Try installing the drivers by pointing Device Manager > Display driver > nVidia xxx to the location of the extracted files in the nVidia extraction folder (my drivers are in C:\NVIDIA\DisplayDriver\296.10\WinVista_Win7_64\English\Display.Driver). If you have no drivers extracted yet, install the latest drivers - but *only to the point where the detection window comes up then cancel it* - then find the drivers folder and install via Device Manager. If the installer offers to install any utilities, decline, you need boot to be as clean as possible.


----------



## tobsh (Dec 10, 2011)

*Re: nvlddmkm.sys BSOD after reinstall*

Windows decided to boot again, all of a sudden. Worked just fine, even "stressing" the graphics card with videos didn't bother it. Then turned the laptop off and when I turned it on again, it wouldn't boot... I love this thing.

Will try your approach once I have time, satrow.
@jcgriff: I can't find a newer version of said driver.

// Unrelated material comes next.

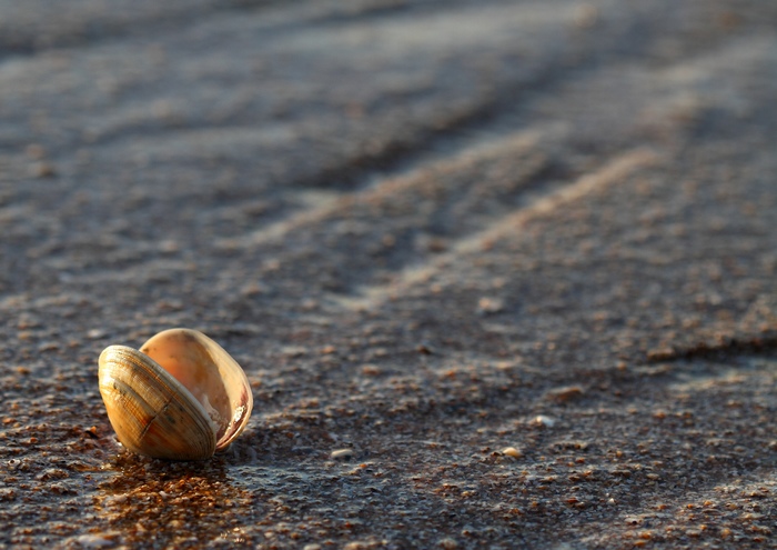 j'aime bien le cadrage, avec les lignes dans le sable qui partent en éventail, et le coquillage dans le coin (peut-être un poil trop dans le coin), la PDC courte, j'aime moins la partie un peu crammée sur la coquille

Also, virtual devices are uninstalled. Will do stress test once in normal boot again. Btw, I did a perfmon report back when it worked, maybe it'll give you something.
Zippyshare.com


----------



## jcgriff2 (Sep 30, 2007)

*Re: nvlddmkm.sys BSOD after reinstall*

Hi - 

Did you look over the messages in PERFMON?

Specifically - 



> *Warning:* The "Graphics" rating for the system is poor and may be the cause of performance problems. Disabling Desktop Composition or reducing screen resolution may improve graphical performance. If the problem continues the display adapter may need an updated driver or may need to be upgraded





> *Warning: * The "Gaming graphics" rating for the system is poor and may be the cause of performance problems in multimedia applications or games. Disabling Aero Glass may improve performance in multimedia applications or games. If the problem continues the display adapter may need an updated driver or may need to be upgraded.





> * Warning:* High average interrupts / processor. This machine has 2 processorsand 4 network cards. Total Interrupts/sec on the machine is 10047. The average interrupts per processor per sec is 5024.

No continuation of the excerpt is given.